« Marock », ou la jeunesse dorée de Casablanca
A Cannes 2005, le pays africain qui aura bénéficié de la plus grande visibilité aura été sans conteste le Maroc : conséquence logique d’une politique particulièrement cohérente d’organisation complémentaire du cinéma et de la télévision, et surtout de la mise en pratique de mesures efficaces, que les autres pays de la région tardent encore à prendre. Entre autres, le financement du cinéma par une partie des recettes publicitaires de la télévision, ainsi que la promulgation récente d’une « loi-cadre » de l’audiovisuel garantissant les investissements privés dans le secteur, le tout étant régulé par un Centre national du cinéma particulièrement dynamique.
Résultat : le Maroc a été l’un des pays à inaugurer cette année la nouvelle section cannoise « Tous les cinémas du monde », en y présentant plusieurs films, dont de nombreux inédits. Seul pays du Maghreb représenté à la table ronde sur la « diversité culturelle », il était aussi, avec le Burkina Faso (doté lui aussi d’une législation cinématographique modèle), l’un des deux pays du continent retenus dans la sélection officielle du Festival. Et cela avec une « première oeuvre », intitulée Marock, signée Leïla Marrakchi.
Le film, fondé sur les souvenirs autobiographiques de la réalisatrice, se consacre à une catégorie de la société rarement montrée dans les films du Sud (qui préfèrent le plus souvent décrire la situation des plus démunis) : celle de la jeunesse dorée de Casablanca qui étudie dans des écoles françaises ou américaines, parle très peu l’arabe et vit, toutes origines religieuses confondues (l’héroïne, musulmane, tombe amoureuse d’un juif marocain), sans vrai contact avec les représentants du pays profond, à l’exception des domestiques qui servent dans les villas de grand luxe.
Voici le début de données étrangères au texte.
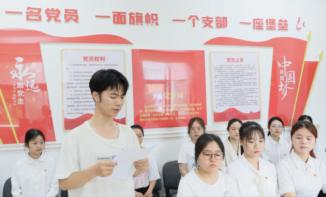 党委在玉兰苑一栋“一站式”学生社区党团活动室举行新党员入党宣誓仪式。学院党委副书记王钊、汪欢,学生党支部书记申恒、陈欢、刘鹏程及29名新党员参加仪式。学院副科级专职组织员黄娜主持仪式。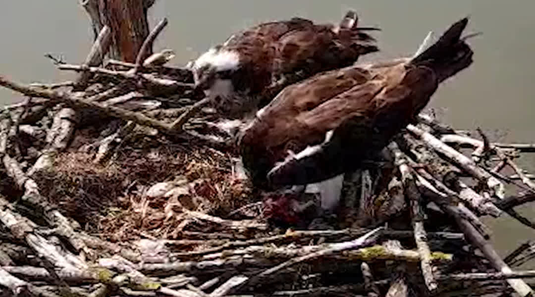Terwijl papa en mama visarend hun klauwen al vol hadden aan het voeren van het eerste en tweede kuiken, kroop dinsdag ook nummer drie te voorschijn.
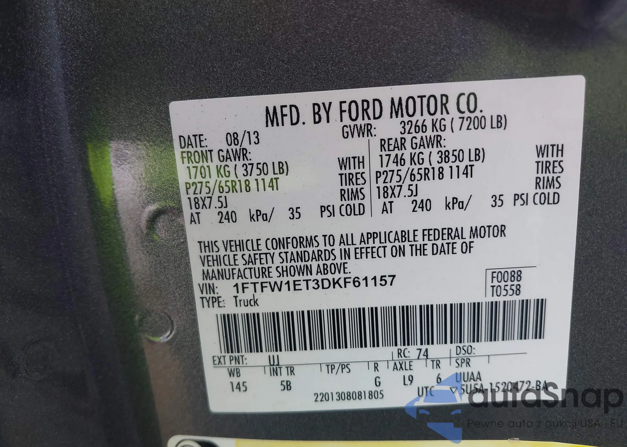 VIN: 1FTFW1ET3DKF61157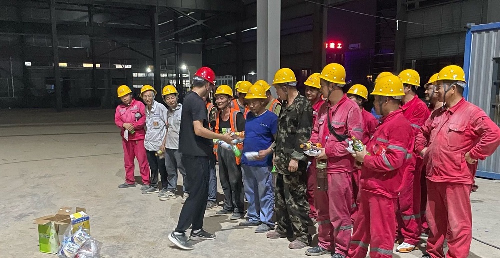夜晚加班,給施工人員送去食物飲品補充能量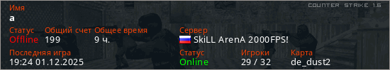 Играет на Counter Strike 1.6 сервере. Страна: РоссияПервый раз замечен 13:21 29.07.2022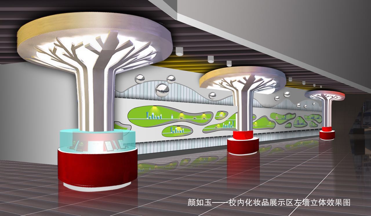 4.化妆品展示厅设立于图书馆一楼校史馆旁,总计45平方,计划于12月装修落成;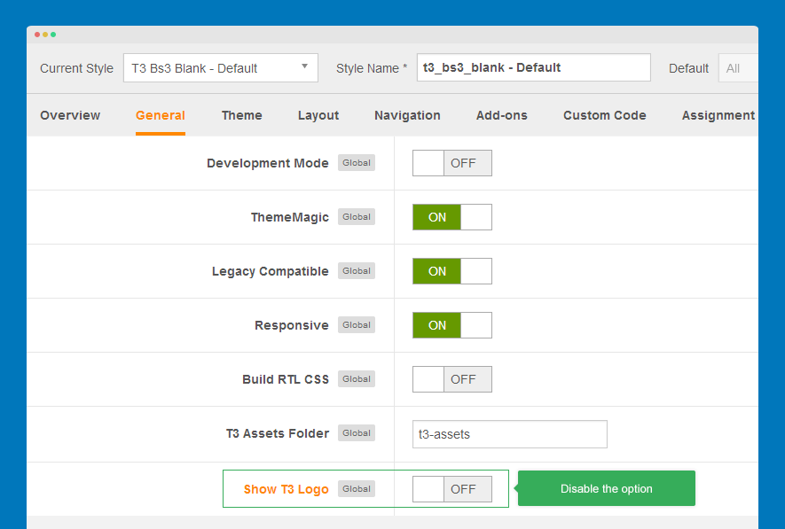 您可以添加無限的參數,主題定制組。定制的參數設置在文件夾中的文件thememagic.xml:templates/t3_bs3_blank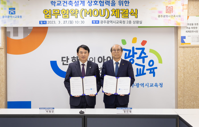 [광주=프레스뉴스] 강래성 기자= 광주시교육청이 27일 학교건축설계에 내실화를 기하고자 광주건축사회와 ‘학교건축설계 상호협력을 위한 업무협약을 체결했다.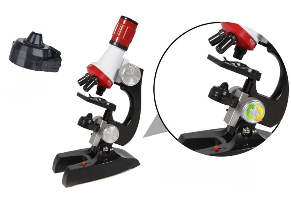 Мікроскоп має підсвічування і збільшення в 100 Х, 400 Х, 1200 Х.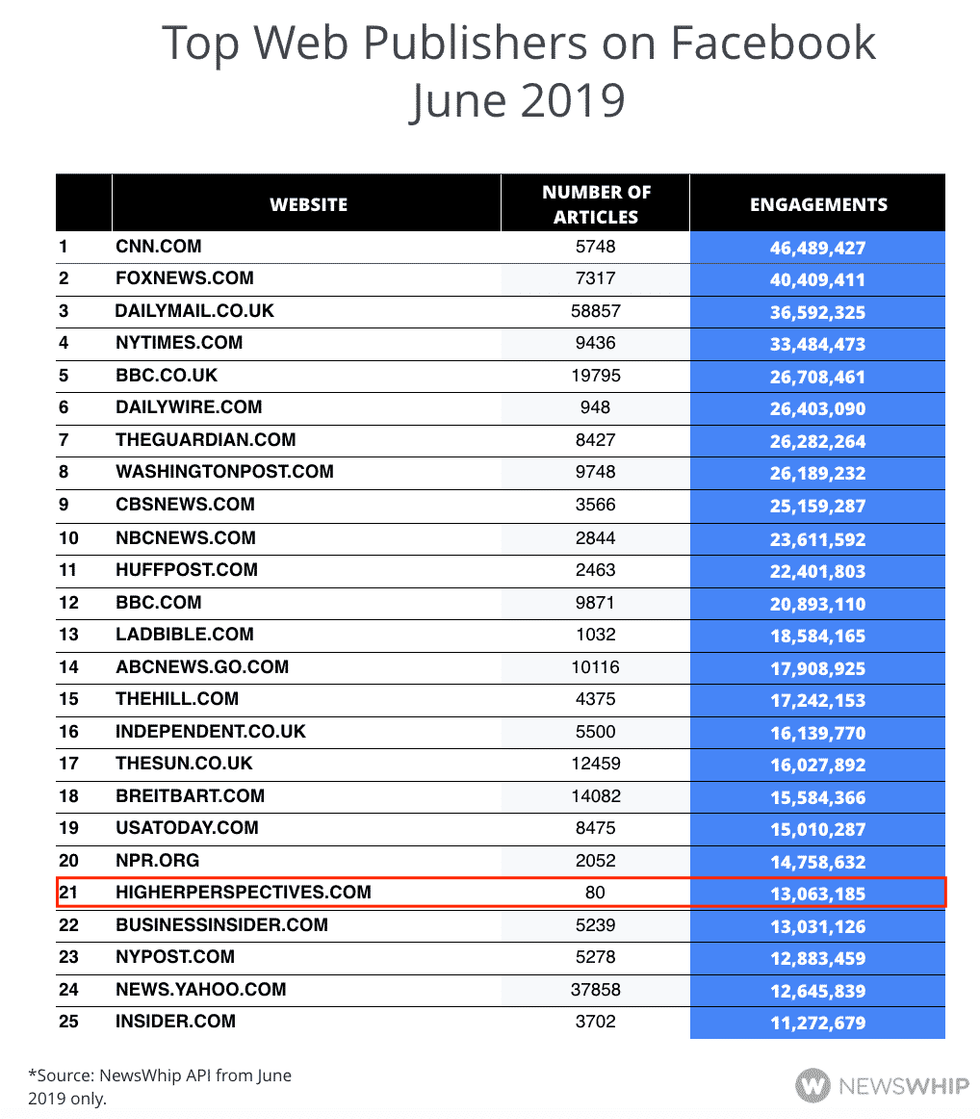 For example, RebelMouse-powered Higher Perspectives ranked in the top 25 publishers on Facebook in June 2019 with just 80 articles published, according to NewsWhip:

Leïla Marrakchi décrit avec justesse, sans jamais tomber dans les conventions feuilletonesques, ce milieu qu’elle connaît bien, mais sans réelle profondeur, ni véritable distance critique. Le film est lui-même richement doté : entièrement produit par une société française de renom, il bénéficie également d’un grand distributeur français et même déjà d’une date de sortie en France. On saura en décembre 2005 si le choix de Leïla Marrakchi (vivement contesté à Cannes par les critiques « tiers-mondistes » traditionnels) de privilégier le microcosme de la bourgeoisie « aisée » de son pays peut ou non la faire accéder à la plus large audience.